Pathophysiology: Beyond Vascular Theory
The classical “vascular hypothesis” (transient vasoconstriction followed by vasodilatation) has been superseded by modern neurobiological models:
- Cortical spreading depression (CSD) is the electrophysiological substrate of aura, triggering wave-like neuronal depolarization and subsequent trigeminovascular activation.
- Trigemininal nerve terminals release CGRP, substance P, and other inflammatory mediators → neurogenic inflammation, mast cell degranulation, and sensitization of meningeal afferents (Eikermann et al., Nat Rev Neurol 2023).
- Central processing abnormalities in the brainstem and diencephalon contribute to symptom generation and photophobia/phonophobia.
Importantly: Migraine is not associated with acute structural brain injury. While long-term epidemiological studies suggest a small increased risk of white matter hyperintensities (especially in migraine with aura), these are non-specific and clinically insignificant in most patients (Schweiger et al., JAMA Neurol 2022). MRI/CT cannot visualize migraine pathology—this is not a diagnostic limitation but reflects its functional, neurophysiological basis.
Typical Migraine: ICHD-3 Diagnostic Criteria
Migraine Without Aura (ICHD-3 Code 1.1)
Requires ≥5 attacks fulfilling:
- Headache lasting 4–72 hours (untreated or inadequately treated)
- At least two of the following characteristics:
- Unilateral location
- Pulsating quality
- Moderate-to-severe intensity (functional impairment)
- Aggravation by or causing avoidance of routine physical activity
- During headache, ≥one of:
- Nausea and/or vomiting
- Photophobia and phonophobia
Migraine With Aura (ICHD-3 Code 2.1)
Requires ≥2 attacks with fully reversible aura symptoms indicating focal cortical or brainstem dysfunction:
| Domain | Symptoms | Duration |
|---|---|---|
| Visual | Positive (scintillations, scotoma) and/or negative (blurring, loss) | 5–60 min |
| Sensory | Paresthesiae (face/hand), tingling progressing over ≥5 min | 5–20 min |
| Speech/Language | Dysphasia (most common aura language deficit) | ≤60 min |
| Motor (only in hemiplegic migraine) | Weakness + aura features | Minutes to days |
Aura symptoms:
- Develop gradually over ≥5 minutes
- Last ≤60 minutes
- Are accompanied by headache within 60 minutes of aura onset (may start during aura)

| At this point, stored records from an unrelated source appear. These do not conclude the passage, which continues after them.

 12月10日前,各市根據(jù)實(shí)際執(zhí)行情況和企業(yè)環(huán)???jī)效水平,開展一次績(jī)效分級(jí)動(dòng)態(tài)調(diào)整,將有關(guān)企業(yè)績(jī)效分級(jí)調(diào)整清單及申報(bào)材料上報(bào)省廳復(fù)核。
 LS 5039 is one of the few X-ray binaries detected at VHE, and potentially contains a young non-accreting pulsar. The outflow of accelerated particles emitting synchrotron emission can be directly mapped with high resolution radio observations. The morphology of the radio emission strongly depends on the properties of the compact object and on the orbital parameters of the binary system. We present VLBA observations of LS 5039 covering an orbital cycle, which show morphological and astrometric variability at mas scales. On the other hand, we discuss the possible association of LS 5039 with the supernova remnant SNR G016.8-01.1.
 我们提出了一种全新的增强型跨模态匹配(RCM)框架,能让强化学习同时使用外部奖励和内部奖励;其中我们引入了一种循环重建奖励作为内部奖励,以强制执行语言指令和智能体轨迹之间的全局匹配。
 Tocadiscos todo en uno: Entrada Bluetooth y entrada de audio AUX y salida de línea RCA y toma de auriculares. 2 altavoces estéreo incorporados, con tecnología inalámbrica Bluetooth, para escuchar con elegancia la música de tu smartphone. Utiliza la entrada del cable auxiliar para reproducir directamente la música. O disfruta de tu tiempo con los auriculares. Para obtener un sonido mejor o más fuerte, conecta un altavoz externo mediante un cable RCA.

Key Update (2023): The Simpson et al. study (Brain 2023) confirmed that aura symptoms rarely exceed 1 hour in duration—prolonged aura (>7 days) or motor weakness without hemiplegic migraine warrants rigorous exclusion of stroke, metabolic encephalopathy, or seizure disorders.

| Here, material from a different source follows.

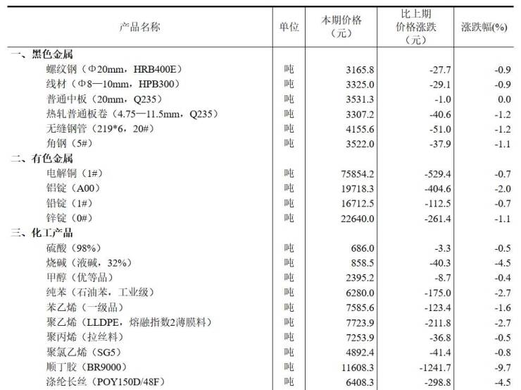 2025年4月中旬流通领域重要生产资料市场价格变动情况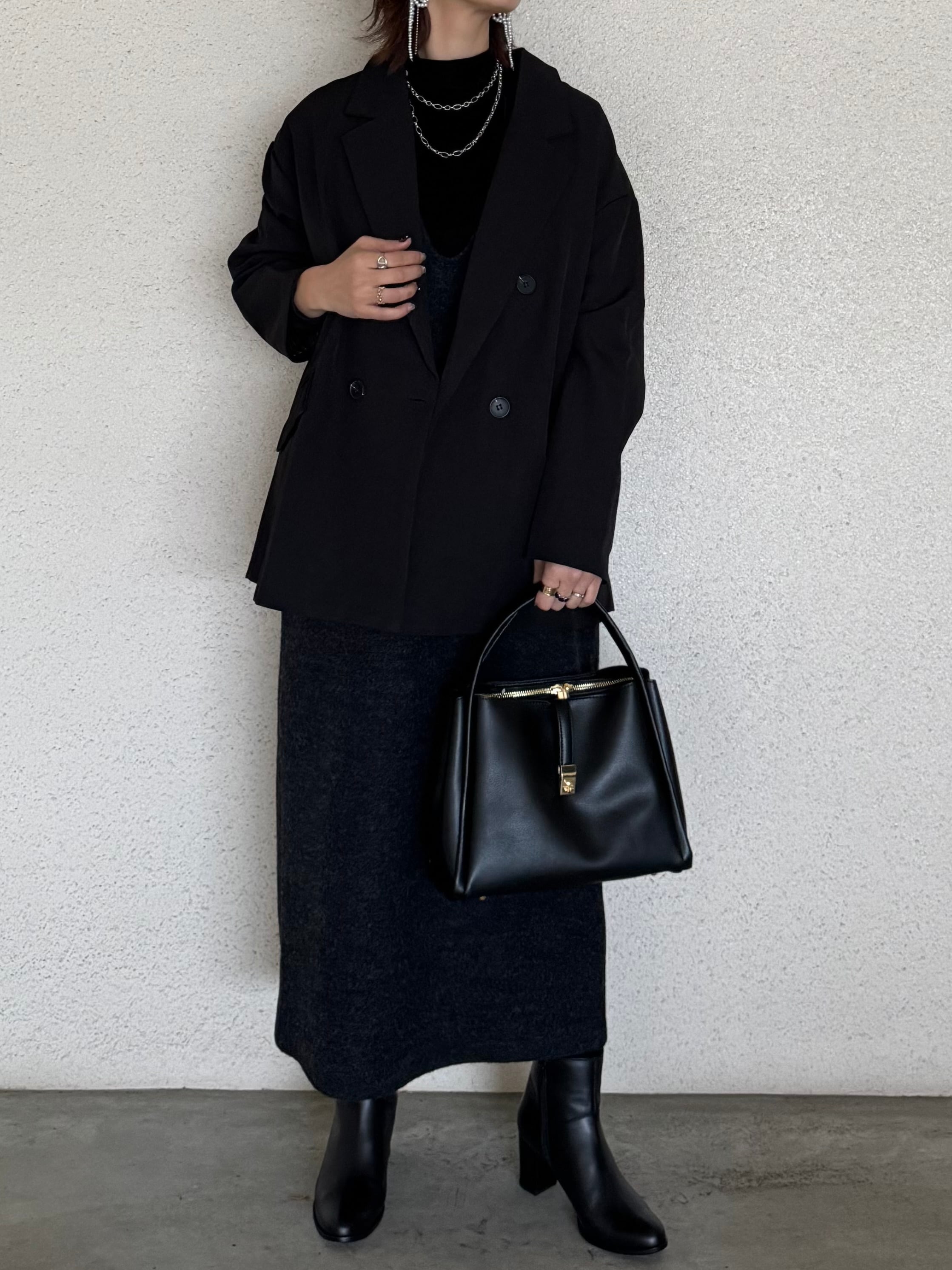すこし長めの丈感できっちり感の強いジャケット

Atypical Migraine Phenotypes: When Mimicry Demands Vigilance
These presentations are high-yield red flags that commonly present to emergency departments and can be indistinguishable from acute ischemic/hemorrhagic stroke—particularly in patients <45 years (the “young stroke” cohort). ICHD-3 highlights two high-risk variants:
1. Hemiplegic Migraine (HM)
ICHD-3 Codes: Familial HM (6.2.1), Sporadic HM (6.2.2)
Diagnostic criteria:
- Fully reversible motor weakness + ≥1 aura symptom (visual/sensory/speech)

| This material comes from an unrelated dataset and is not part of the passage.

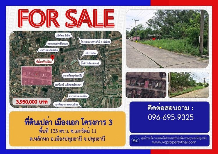 ขาย ที่ดินเปล่า เนื้อที่ 133 ตร.ว. ม.เมืองเอก โครงการ 3 ปทุมธานี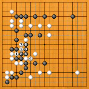 続いて、白1、3の出切りが心配ですが、黒4がアタリになっていますから、白5に黒6から8とオサエ込んで取れています。左下の白も危ないし、黒の先制攻撃が成功しました。

- At least 2 of: aura develops gradually >5 min, each aura symptom lasts <60 min, headache begins within 60 min of aura
- Motor weakness may persist for hours to days, sometimes mimicking stroke on exam.
Genetics: Mutations in CACNA1A (FHM1), ATP1A2 (FHM2), SCN1A (FHM3). Genetic testing is indicated in atypical/early-onset cases or with seizures/ataxia (Eising et al., Lancet Neurol 2024).
Clinical pearl: HM can present without headache (“acephalgic hemiplegic migraine”), especially in children. A young patient presenting with acute onset hemiparesis and no vascular risk factors should undergo MRI/MRA—but if imaging is normal, HM must be high on the differential.
2. Migraine With Brainstem Aura (MBA; formerly basilar-type)
ICHD-3 Code 6.1
Criteria: ≥2 fully reversible brainstem symptoms:
- Dysarthria, vertigo, tinnitus, hypoacusia, diplopia, ataxia, decreased consciousness
- No motor weakness or retinal symptoms
Note: MBA aura typically begins in adolescence/early adulthood; onset after age 40 warrants investigation for posterior circulation pathology (Hannawi et al., Headache 2023).
Other High-Risk/atypical Features
| Presentation | Clinical Concern |
|---|---|
| Aura lasting >7 days | Rule out stroke, CJD, autoimmune encephalitis (e.g., anti-NMDA-R) |
| New-onset aura after age 40 | ≥3× higher risk of ischemic stroke—requires vascular workup (MRA/CTA) |
| Persistent sensory symptoms post-aura | Consider serial neurologic exams; MRI DWI may show transient restricted diffusion in severe CSD (Zijlmans et al., Ann Neurol 2022) |
| Status migrainosus (≥72 h continuous headache) | Risk of dehydration, electrolyte imbalance, medication overuse |
Diagnostic Workup: A Neurologist’s Algorithm
Stepwise Approach
- Detailed history:
- Aura characteristics (onset, duration, progression)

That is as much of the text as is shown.